The impact of both good and bad communication in the workplace is noteworthy:

  • The U.S. Joint Commission for Hospital Accreditation reported, “Communications failures are the leading causes of inadvertent patient harm,” being the primary reason in over 70% of cases.
  • Slaw, a Canadian on-line legal publication, reports that 40% of malpractice claims against real estate agents involve communication errors with the client.
  • In a survey conducted by the Computing Technology Industry Association, 28% of respondents cited poor communication as the main cause of failure for IT projects.
  • An ROI study by Watson Wyatt found that companies with the most effective communications programs provided a 26% total return to shareholders (TRS) compared with a -15% TRS for firms that communicate least effectively.

In May, I wrote about one half of effective communication, listening. The other half of effective communication is conveying specific expectations. I am amazed at how often leaders do not set this basic foundation for direction and accountability within their organizations.

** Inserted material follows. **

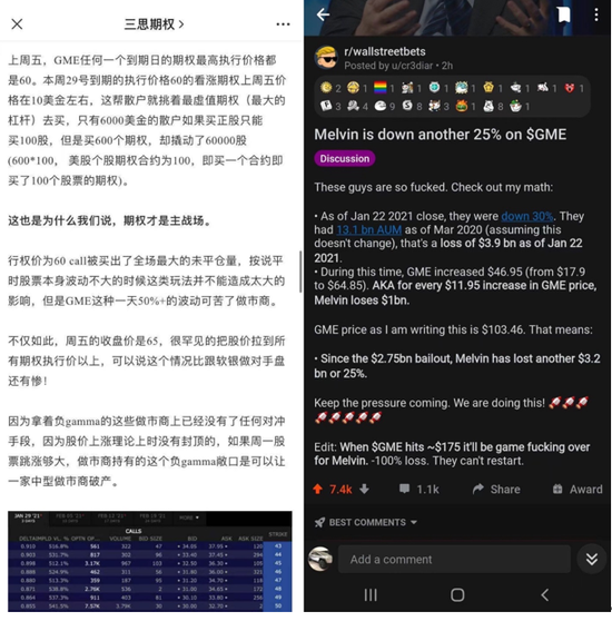 另外,想要快速了解期权的基本术语和含义,比如Delta和Gamma,可以参考网上有个“三思期权”作者的文章 —《软银是怎样用Gamma把市场玩坏的》。这篇文章解释了投资者如何利用期权的Gamma和逼空行情,不断推高标的股价,让持有有大量负Gamma的做市商,不得不一直购买股票来对冲,这就形成了一种股价正反馈,同时也让持有大量负Gamma的做市商在短时间内遭受巨额损失。而那些参与卖空标的股票和卖出看多期权的对冲基金,也需要买股票来对冲负gamma,加上本来很紧张的underlying liquidity,以及飙涨的借股费率,往往是雪上加霜,形成可怕的三连击。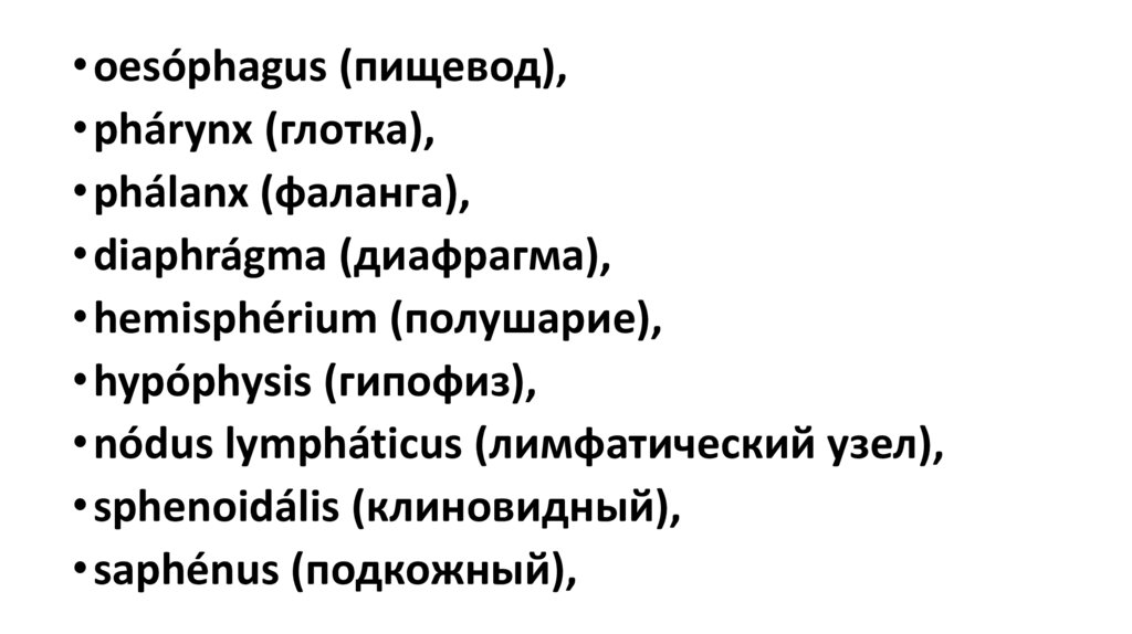 • oesóphagus (пищевод),• phárynx (глотка),

The simplest form of setting expectations is making a clear request. In Language and the Pursuit of Happiness, Chalmers Brothers defines five components of a clear request:

  • Is communicated to a specific person
  • Provides a quantified deadline
  • Defines the goal to be accomplished
  • Establishes a common context
  • Describes a satisfactory outcome

I present this as part of a class I teach on management and leadership skills. A common response I get is, “Providing this much detail sounds like micro-managing, and I don’t want to do that.” What I point out in return is that micro-management is one extreme of the spectrum, of providing too much direction to the employee, and stifling and annoying them. But the other end of that spectrum is not giving employees enough guidance. In that case, we are setting our employees up for frustration, or even failure, because they will not know our expectations. The goal is to find the happy medium between the two.

The first point I offer is to distinguish between the “what” of a task and the “how” of a task. With respect to the components of a clear request, “what” means defining the goal to be accomplished and describing a satisfactory outcome. “How” is the specific steps to take to get there. It is your job as a leader to provide the “what”; let your employees decide the “how.”

The second point relates to establishing a common context. Brothers notes that between speaker and listener, some things are always considered obvious. For example, if I ask you to get me a glass of water, the assumption is that the water is from a clean, potable source, not from the puddle in the yard nor from the toilet. So we are able to come to some mutual understanding without discussion. Then there are particulars that need to be negotiated. Does it need to be in a disposable cup so that I can take it with me? Do I prefer bottled water? Do I want ice in it?

Misunderstandings arise in the gray area between what is “obvious” vs. “negotiated.” What is obvious to me may not be obvious to you. As we build a history together over time and increase our common knowledge and shared experiences, the amount that is obvious between us increases. But with that increased familiarity also comes the possibility that we skip over explanation when guidance is needed. So even in established relationships, remain open to the possibility that you could inadvertently be interpreted in a way that is different than what you intended, and ensure your expectations are clear.

Communication has a huge impact on an organization, for better or worse. As a leader, it is your job to provide sufficient guidance for your employees so they can be successful, for their own gratification and for the good of your organization. Check in with yourself on the basics of clear requests to determine if the guidance you provide is giving your employees the direction they need.